- GIVEN MATERIAL:
== Segment start ==

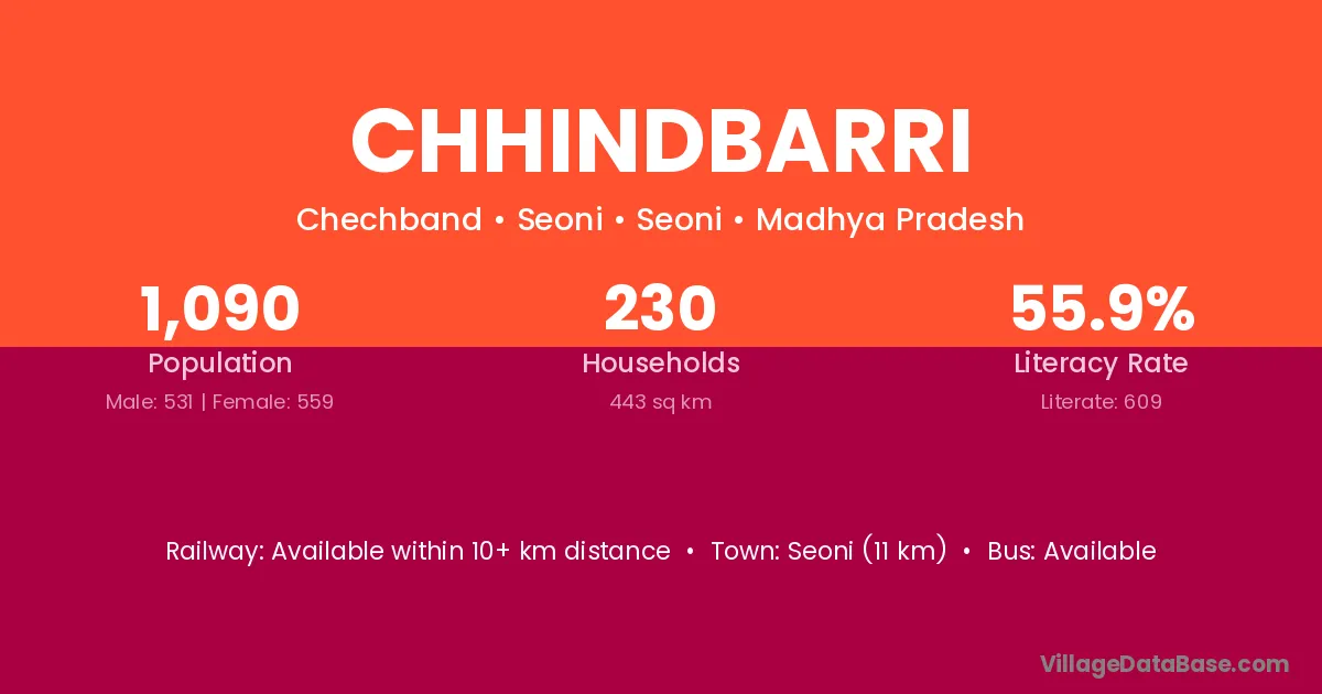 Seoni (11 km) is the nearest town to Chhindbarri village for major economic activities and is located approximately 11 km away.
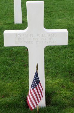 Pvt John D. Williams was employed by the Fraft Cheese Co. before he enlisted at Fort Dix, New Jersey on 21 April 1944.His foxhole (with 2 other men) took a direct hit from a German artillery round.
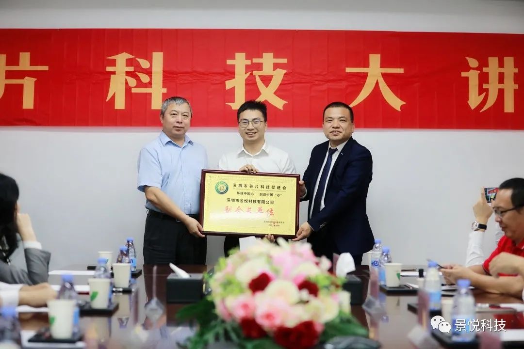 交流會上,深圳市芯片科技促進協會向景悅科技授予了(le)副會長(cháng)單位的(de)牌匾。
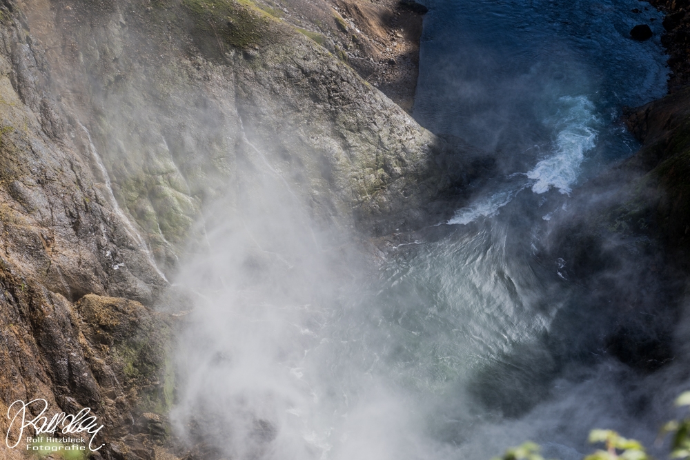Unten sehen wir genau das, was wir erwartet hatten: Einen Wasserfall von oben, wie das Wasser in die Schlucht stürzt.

== Segment end ==

- TASK REQUIREMENTS:
Pictures aside, the material must be written out word for word.

- REPLY:
 Seoni (11 km) is the nearest town to Chhindbarri village for major economic activities and is located approximately 11 km away.
 Pvt John D. Williams was employed by the Fraft Cheese Co. before he enlisted at Fort Dix, New Jersey on 21 April 1944.His foxhole (with 2 other men) took a direct hit from a German artillery round.
 交流會上,深圳市芯片科技促進協會向景悅科技授予了(le)副會長(cháng)單位的(de)牌匾。
Unten sehen wir genau das, was wir erwartet hatten: Einen Wasserfall von oben, wie das Wasser in die Schlucht stürzt.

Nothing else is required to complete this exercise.